Bandera señaló que entre 2009 y 2013 los técnicos de Minas realizaron «más de 80 inspecciones» en la Vasco, que era «la mina con más inspecciones»; aunque no recordó cuántas habían tenido lugar en 2013, ni si se realizó alguna después de agosto (el accidente se produjo en octubre).

Señaló que si se barajó la calificación de la mina como de categoría 4ª era el actuario de minas el que tenía que haberlo propuesto; aunque no recordó si después de los incidentes registrados en 2009 y 2012 la explotación era sospechosa de desprendimiento instantáneo de grisú.

Más grave

Sí incidió en que la Dirección General de Energía y Minas, dada la gravedad del accidente de 2013, estableció que fueran cuatro los inspectores que realizaran la investigación sobre las posibles causas del accidente.

Declaró después Víctor Manuel González Andrés, ingeniero técnico de Minas encargado de preparaciones en Tabliza (de la supervisión de la contrata húngara que realizaba las galerías).
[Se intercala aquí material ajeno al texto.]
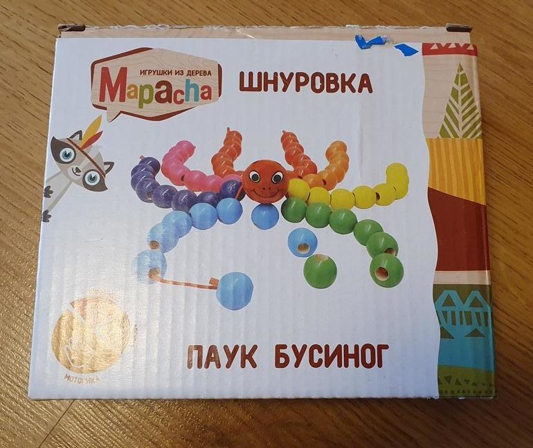 Называется "Паук-бусиног", производитель Mapacha. Бусины деревянные, яркие, подходящего размера и вполне приличного качества (не хуже, чем в тропинках, это точно).
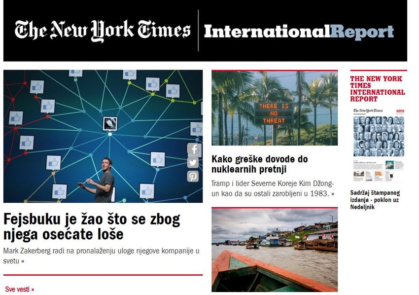 Beogradski magazin Nedeljnik i američki Njujork tajms pokrenuli su danas novi sajt Njujork tajmsa na srpskom jeziku - The New York Times International Report.
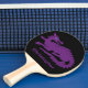 This purple dragon design ping pong bat, or table tennis racket, can be customised with any text. The paddle is laminated wooden with a choice of a EVA on one side for graphic printing and a 2 ply "pips in" rubber face on the other or EVA on both sides for graphic images. Players select bats based on their playing style, considering the blade's materials for speed and power, the sponge's thickness for control, and the rubber's tackiness for spin. Should you require any help with customising then contact us through the message link on this page. Dragon design table tennis bat.
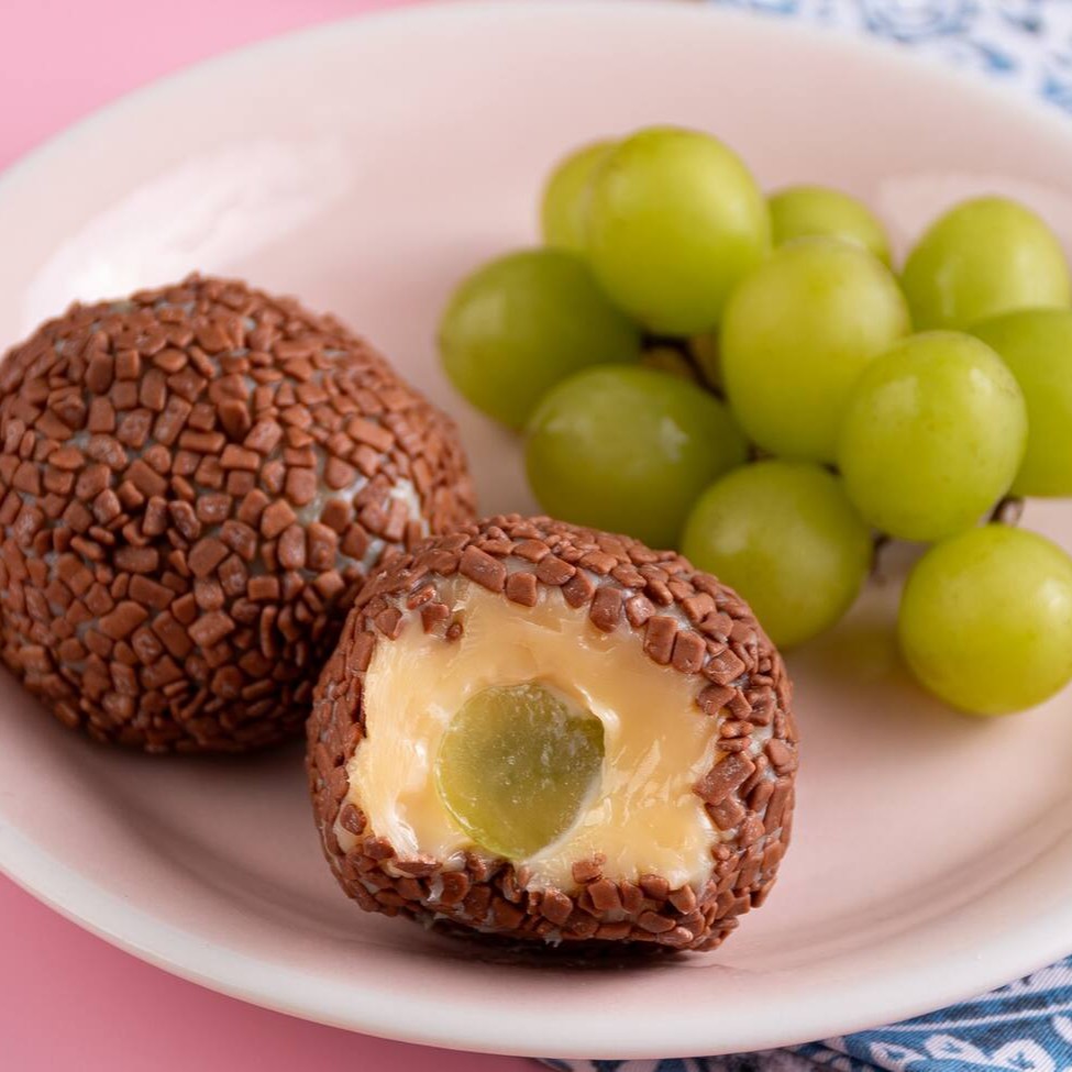 Uvas verdes frescas e selecionadas, envoltas em nosso brigadeiro cremoso de Ninho. Finalizado com granulado belga Callebaut, que traz um toque crocante e sofisticado a cada mordida.
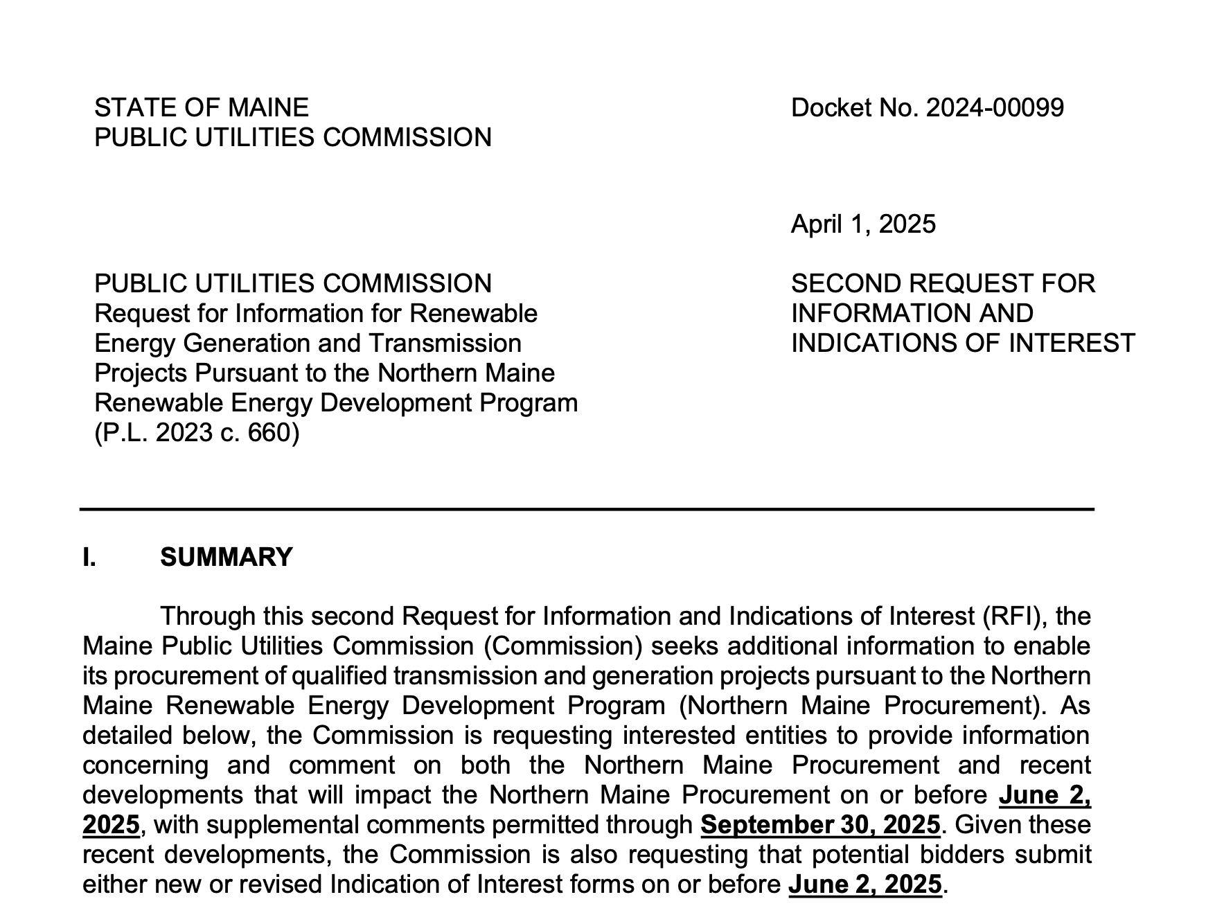 Yesterday (April Fool’s, not) the third request for information on the Northern Maine project was released.
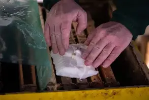 – Utilisation du candi. Le candi (pâte à 90% de sucre sec) est idéal en hiver, car il limite la fatigue des abeilles et réduit les risques de gelées internes. Placez le juste au-dessus de la grappe.

Entró a trabajar en la Vasco en agosto de 2013, dos meses antes del accidente, y antes trabajó en túneles y canteras. Desde hace años trabaja en una mina en Huelva. Fue también miembro del comité de seguridad de la Vasco en ese período.

La mina más peligrosa
«El Pozo Emilio era sin duda la mina más peligrosa que había, desde luego en León»

Señaló que por los testimonios y por lo que ha leído y estudiado después lo que se produjo fue un desprendimiento instantáneo de grisú impredecible, aunque «es una opinión personal». Lo que fue cuestionado por las acusaciones, dada la escasa experiencia del ingeniero en minería de carbón, y sobre todo en una de categoría 3.

Respaldó anteriores declaraciones de los responsables de seguridad de la Vasco en el sentido de que nunca se comunicó a ningún órgano o responsable que hubiera temor por las circunstancias en las que se desarrollaba el taller de la planta 7ª Este del macizo 7º, y que en las visitas del comité de seguridad no se vio nada raro. Aunque insistió en que su tarea se limitaba a las galerías, y no visitó el taller donde se produjo el escape de gas hasta después del accidente.